Minimum Sufficient Statistic
Definition 1
Let $T \left( \mathbf{X} \right)$ be a sufficient statistic. If for every other sufficient statistic $T ' \left( \mathbf{X} \right)$, $T \left( \mathbf{x} \right)$ can be expressed as a function of $T ' \left( \mathbf{x} \right)$, then $T \left( \mathbf{X} \right)$ is called a Minimal Sufficient Statistic.
Theorem
Let $f \left( \mathbf{x} ; \theta \right)$ be the probability density function or probability mass function of a sample $\mathbf{X}$. If for every realization $\mathbf{x} , \mathbf{y}$, there exists a function $\mathbf{x}$ of $T$ that satisfies $$ {{ f \left( \mathbf{x} ; \theta \right) } \over { f \left( \mathbf{y} ; \theta \right) }} = c (\theta) \text{ is constant as function a of }\theta \iff T (\mathbf{x}) = T (\mathbf{y}) $$, then $T \left( \mathbf{X} \right)$ is a minimal sufficient statistic for $\theta$.
Explanation
The statement in the definition that $T$ is expressed as something of all other $T '$ is a very mathematical statement.
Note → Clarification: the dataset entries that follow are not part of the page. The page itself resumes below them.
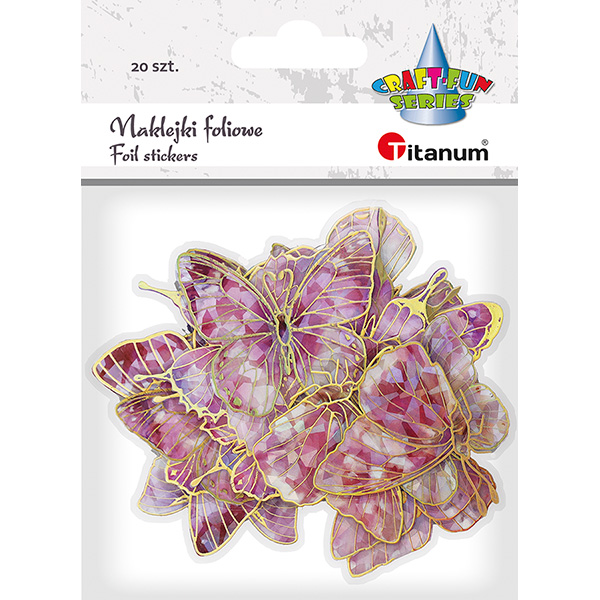 Titanum » Artykuły dekoracyjne całoroczne » Naklejki Dekoracyjne » Naklejki foliowe motyle 10 wzorów tonacja różowo-złota 20szt.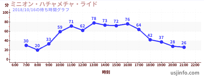 • ミニオン・ハチャメチャ・ライド$B$N(B2018年10月16日の待ち時間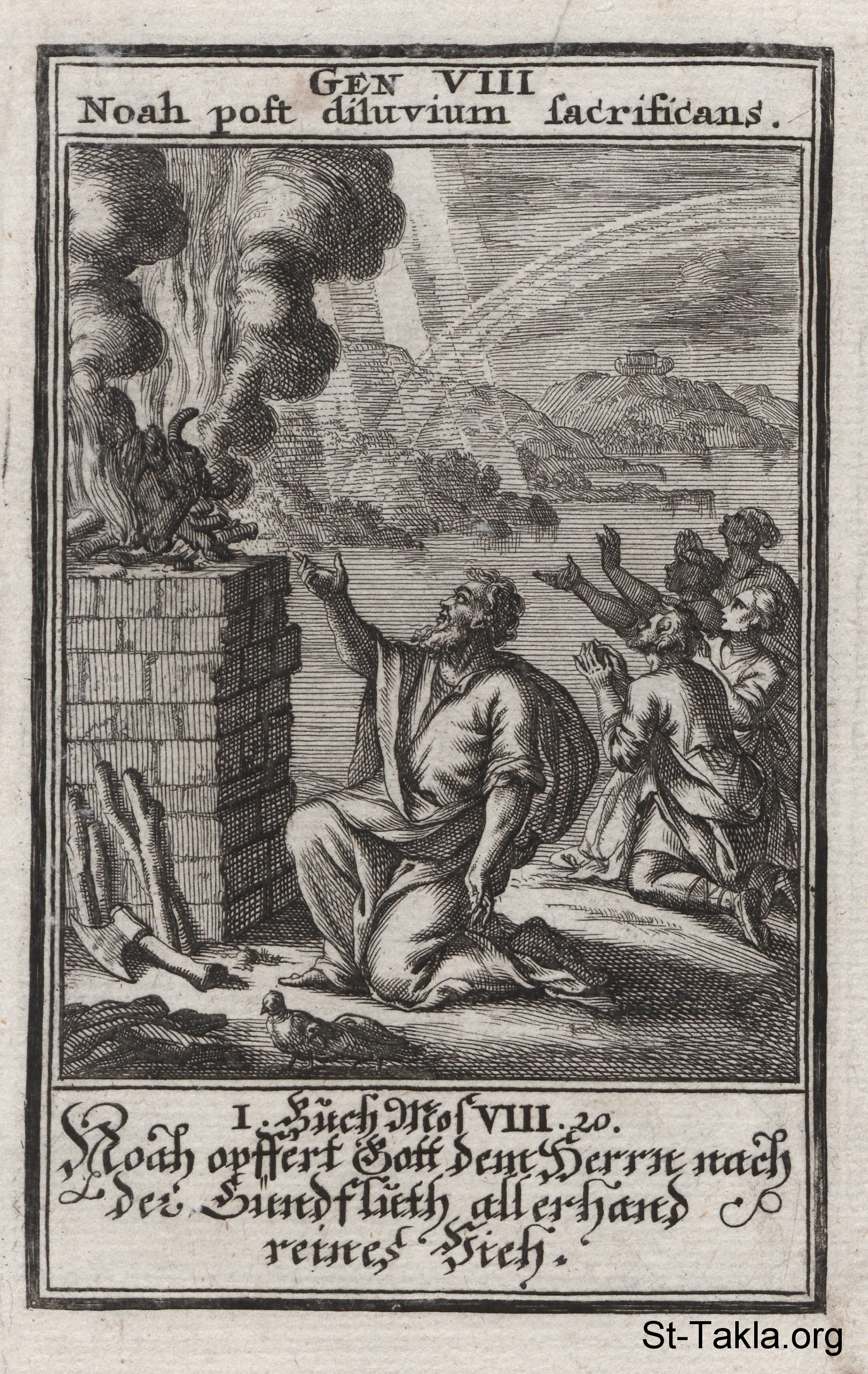 Noah’s Altar and God’s Promise: After the flood Noah offers a sacrifice from all the living things to God. God places a rainbow in the sky as a sign of his pledge to never again destroy the earth by flood: (Genesis 8, 9) - from the book: Biblia Ectypa (Pictorial Bible), by Johann Christoph Weigel, 1695.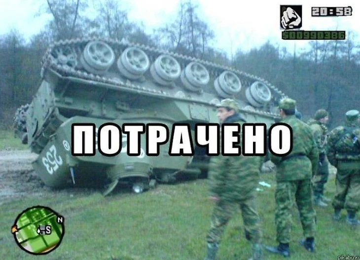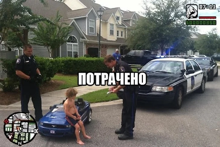 Пиратский русский перевод GTA: San Andreas подарил еще одну меметичную фразу «Потрачено» («Wasted» в оригинале). Эта надпись появляется каждый раз после смерти персонажа. Ее стали лепить на любые фото с упавшими людьми или неловкими ситуациями.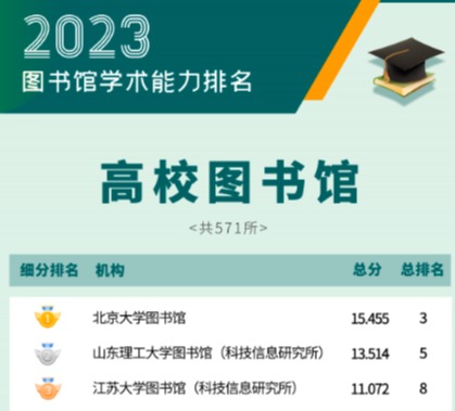 6月19日,图书馆学术评价课题组联合新文科专委会正式发布“2023图书馆学术能力排名”。本次共统计图书情报类机构782所,上榜机构为234所(前30%),多宝网页版图书馆表现优异,位列高校系统第三名。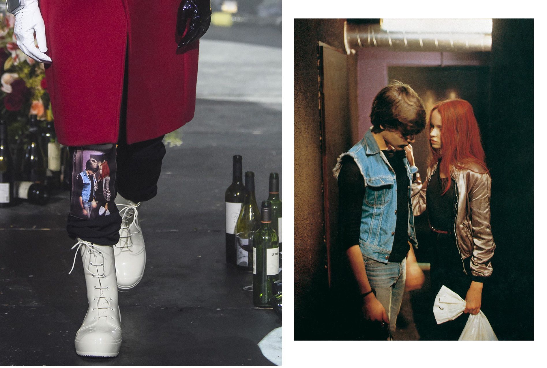 The faces, beautiful and fragile, of Natja Brunckhorst and Thomas Haustein aka Christiane and Detlef of the film and words written in bold like "LSD", "XTC", "GHB" and "2C-B", printed on clothes to open a window on the world, open wide through the reference to the book "DRUGS" by Cookie Mueller and Glenn O'Brien.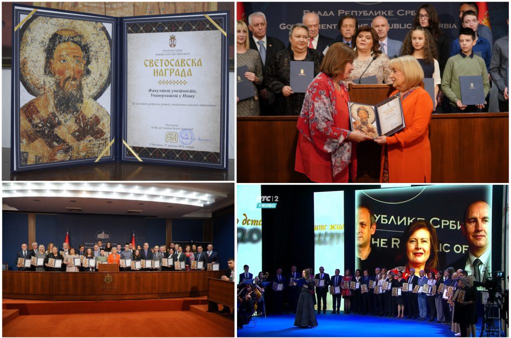 У суботу, 27. јануара 2024. године, на Дан Светог Саве, Светосавска награда за 2023. годину уручена је и Факултету уметности у Нишу. Ово значајно републичко признање, на пријему уприличеном тим поводом у Влади Републике Србије, награђеним појединцима и представницима институција и установа, уручила је министарка просвете проф. др Славица Ђукић…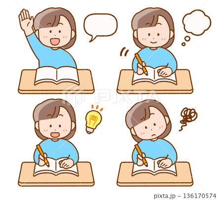 授業を受けるこども(女の子)イラストセット

It means that $T '$, likewise a sufficient statistic, not being expressible by some $T$ indicates that $T '$ is somewhat lacking compared to $T$, and the fact that it must hold for ‘all’ $T '$ justifies the use of ‘minimal’.
Example
(Continuing from the tangible example of a sufficient statistic)
$$ X_{1} , \cdots , X_{n} \sim U (0,\theta) \text{ with } f \left( x ; \theta \right) = \begin{cases} 1 & , \text{if } x \in (0,\theta) \\ 0 & , \text{otherwise} \end{cases} = {{ 1 } \over { \theta }} I_{(0,\theta)} (x) $$
Consider a random sample obtained from a uniform distribution with maximum parameter $\theta$. The maximum value of the sample, $\max_{k} X_{k} = X_{(n)}$, could be a sufficient statistic for $\theta$. Looking at it intuitively, there doesn’t seem to be a better sufficient statistic, but let’s check according to the theorem above.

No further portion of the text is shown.